Records for the exercise:
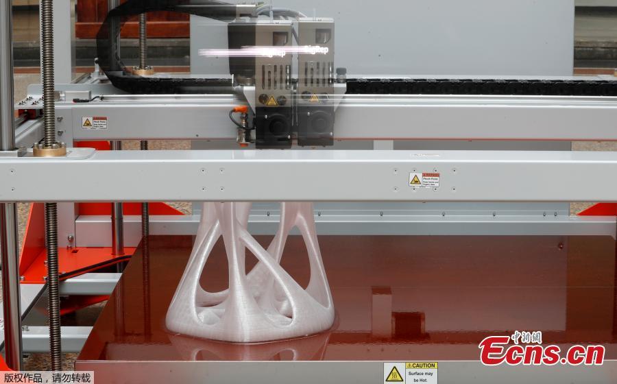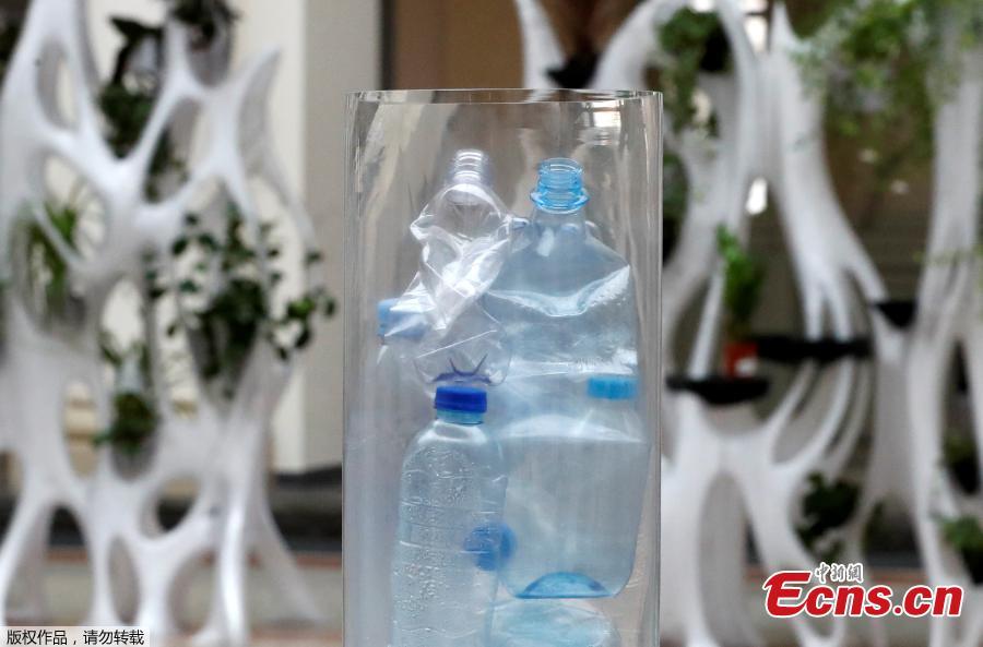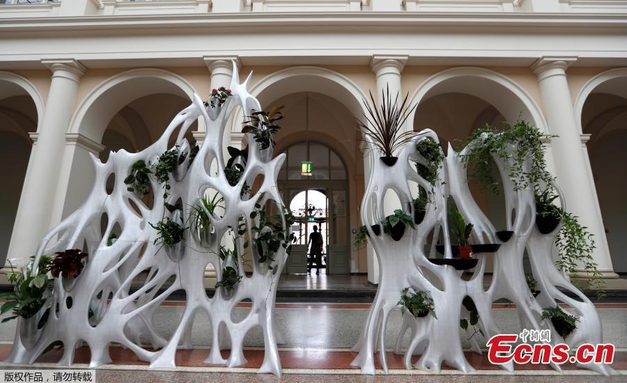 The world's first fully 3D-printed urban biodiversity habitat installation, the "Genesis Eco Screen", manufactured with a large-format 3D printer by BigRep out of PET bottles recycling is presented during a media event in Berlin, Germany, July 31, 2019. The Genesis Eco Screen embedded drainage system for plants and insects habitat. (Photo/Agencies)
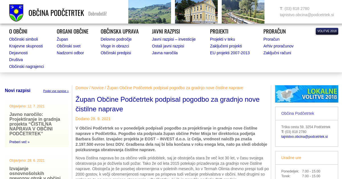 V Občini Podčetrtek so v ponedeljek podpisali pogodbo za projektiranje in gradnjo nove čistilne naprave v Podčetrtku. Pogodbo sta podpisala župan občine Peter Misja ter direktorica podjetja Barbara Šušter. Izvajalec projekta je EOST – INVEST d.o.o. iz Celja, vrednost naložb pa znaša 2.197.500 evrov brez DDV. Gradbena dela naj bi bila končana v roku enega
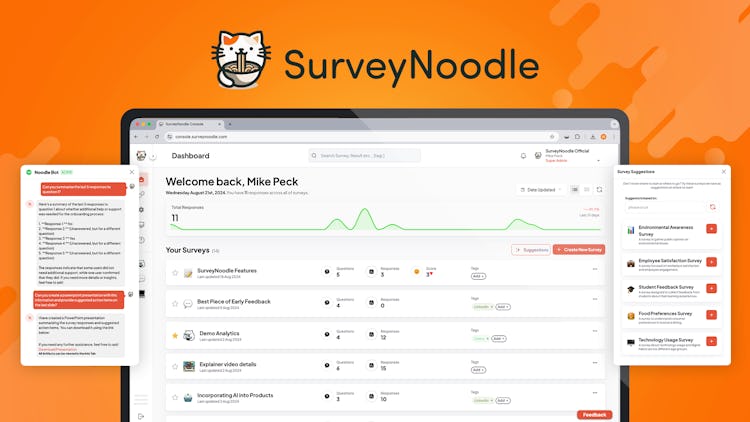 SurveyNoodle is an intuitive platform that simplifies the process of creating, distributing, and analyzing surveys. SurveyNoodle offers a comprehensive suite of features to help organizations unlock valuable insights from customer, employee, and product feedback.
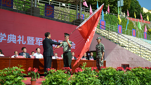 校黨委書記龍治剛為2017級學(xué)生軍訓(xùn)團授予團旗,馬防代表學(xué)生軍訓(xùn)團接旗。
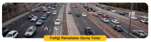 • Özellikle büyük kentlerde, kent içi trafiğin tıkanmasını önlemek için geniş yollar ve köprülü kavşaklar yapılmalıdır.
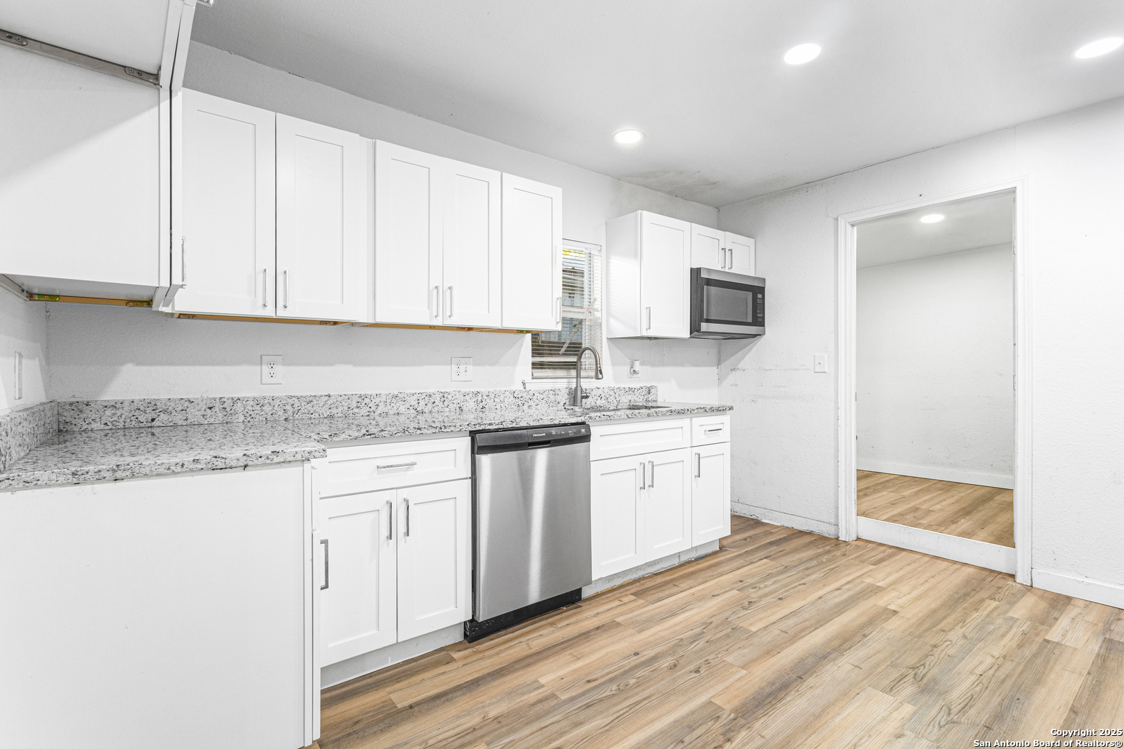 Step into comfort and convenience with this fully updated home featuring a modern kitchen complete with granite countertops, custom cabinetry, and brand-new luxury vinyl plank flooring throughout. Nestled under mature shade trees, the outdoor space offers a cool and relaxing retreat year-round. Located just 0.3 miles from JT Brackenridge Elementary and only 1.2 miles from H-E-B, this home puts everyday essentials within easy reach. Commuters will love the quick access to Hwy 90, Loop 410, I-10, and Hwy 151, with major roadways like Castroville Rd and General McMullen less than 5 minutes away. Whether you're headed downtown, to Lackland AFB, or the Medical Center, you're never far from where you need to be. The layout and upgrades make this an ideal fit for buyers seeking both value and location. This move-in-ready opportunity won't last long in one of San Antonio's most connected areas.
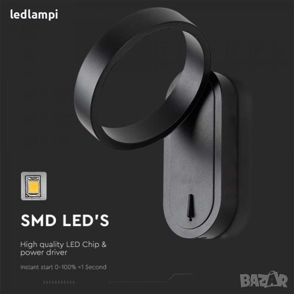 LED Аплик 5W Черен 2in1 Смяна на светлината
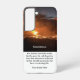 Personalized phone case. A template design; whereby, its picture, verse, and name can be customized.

Problem to work on: Copy nothing but the lines above from the one with "Step into comfort" to the one with "LED Аплик 5W Черен 2in1 Смяна на светлината", inclusive, word for word. Leave every picture out.

Result for this exercise:
 Step into comfort and convenience with this fully updated home featuring a modern kitchen complete with granite countertops, custom cabinetry, and brand-new luxury vinyl plank flooring throughout. Nestled under mature shade trees, the outdoor space offers a cool and relaxing retreat year-round. Located just 0.3 miles from JT Brackenridge Elementary and only 1.2 miles from H-E-B, this home puts everyday essentials within easy reach. Commuters will love the quick access to Hwy 90, Loop 410, I-10, and Hwy 151, with major roadways like Castroville Rd and General McMullen less than 5 minutes away. Whether you're headed downtown, to Lackland AFB, or the Medical Center, you're never far from where you need to be. The layout and upgrades make this an ideal fit for buyers seeking both value and location. This move-in-ready opportunity won't last long in one of San Antonio's most connected areas.
 LED Аплик 5W Черен 2in1 Смяна на светлината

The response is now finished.